::: Provided data

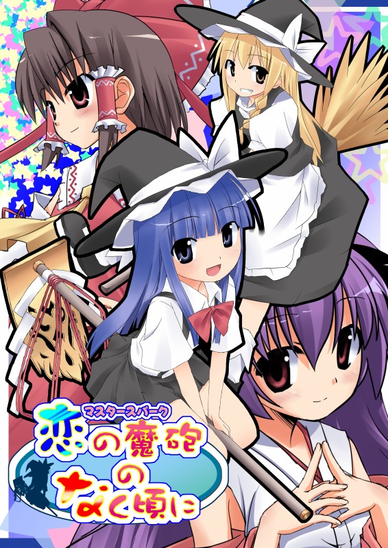 00s 4girls :d apron black_dress blonde_hair blue_hair blunt_bangs bow bowtie broom broom_riding dress duplicate female_focus furude_rika hair_bow hair_tubes hakurei_reimu hanyuu hat higurashi_no_naku_koro_ni hoshi_umi kirisame_marisa long_hair looking_at_viewer multiple_girls open_mouth pink_bow puffy_short_sleeves puffy_sleeves purple_hair red_bow red_bowtie short_sleeves sidelocks smile touhou very_long_hair waist_apron witch_hat
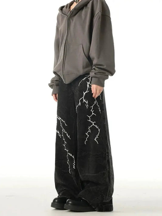 ’Lightening' Thunder Pattern Oversized Cargo Denim Pants
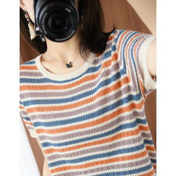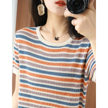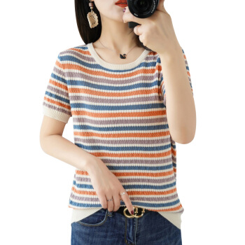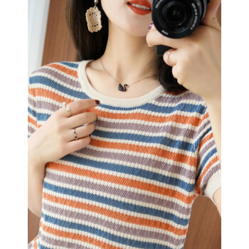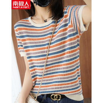 南极人 短袖t恤女装夏季2020年新款气质韩版时尚条纹撞色拼接针织小衫上衣女 条纹 M |

::::::

- **Instructions for the task**:
The lines above must be transcribed exactly, with every picture left out.

- **Expected answer**:
 00s 4girls :d apron black_dress blonde_hair blue_hair blunt_bangs bow bowtie broom broom_riding dress duplicate female_focus furude_rika hair_bow hair_tubes hakurei_reimu hanyuu hat higurashi_no_naku_koro_ni hoshi_umi kirisame_marisa long_hair looking_at_viewer multiple_girls open_mouth pink_bow puffy_short_sleeves puffy_sleeves purple_hair red_bow red_bowtie short_sleeves sidelocks smile touhou very_long_hair waist_apron witch_hat
 ’Lightening' Thunder Pattern Oversized Cargo Denim Pants
 南极人 短袖t恤女装夏季2020年新款气质韩版时尚条纹撞色拼接针织小衫上衣女 条纹 M |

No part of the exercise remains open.